Элиза не слышала меня. Когда Робинсон снова позвал ее по имени, она торопливо подошла к висящему на стене зеркалу и, увидев свое отражение, сдавленно вскрикнула, подняв обе ладони к пылающим щекам, словно пытаясь их спрятать. Оглянувшись по сторонам, она поспешила к столу, налила в чашку немного воды из кувшина и, смочив в воде пальцы, похлопала себя по щекам. «Скомпрометирована», – подумал я. Удивительно, что я действительно это чувствовал. Я был вовлечен хотя и в абсурдную, но все же реальную и тревожащую викторианскую драму, в которой знатная дама оказалась в немыслимой ловушке – ловушке, которая грозила, как принято говорить, «поколебать самые устои» ее общественного положения. И это было не смешно – совсем не смешно. Я стоял не шевелясь, глядя, как она, вытерев щеки, плотно сжала губы – не знаю, то ли от гнева, то ли чтобы скрыть дрожь. Робинсон прокричал:
– Я знаю, что вы там, Элиза!
– Подойду через минуту, – ответила она так холодно, что я оцепенел.

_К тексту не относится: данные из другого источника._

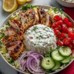 A vibrant and flavorful Juicy Mediterranean Chicken Bowl featuring marinated chicken cooked to perfection, served over fluffy rice with fresh vegetables, crumbled feta, and a refreshing homemade tzatziki sauce. This recipe balances zesty lemon, herbs, and garlic for an authentic Mediterranean taste, ideal for a wholesome and satisfying meal.

Не говоря больше ни слова, она поспешно прошла мимо меня через всю гостиную. «Он за нами следил», – подумал я. Это было единственным объяснением произошедшего.
Я прошел уже половину салона, когда вдруг подумал, что она, быть может, хочет, чтобы я не показывался им на глаза. Но тут же отмел это предположение. Если Робинсон за нами следил, то будет только хуже, если я спрячусь. Как бы то ни было, я рассвирепел – кто он такой, чтобы заставлять меня прятаться? Я снова пошел вперед и встал позади Элизы, когда она открывала дверь.
Лицо Робинсона выражало такую откровенную враждебность, что я даже испугался. «Будь у него в кармане сюртука револьвер, я пропал», – подумал я. В воображении промелькнул газетный заголовок: «ИМПРЕСАРИО ИЗВЕСТНОЙ АКТРИСЫ СТРЕЛЯЕТ В МУЖЧИНУ». Или так: «СТРЕЛЯЕТ В ЕЕ ЛЮБОВНИКА».
– Думаю, вам следует пойти и отдохнуть, – сказал он Элизе дрожащим от гнева голосом.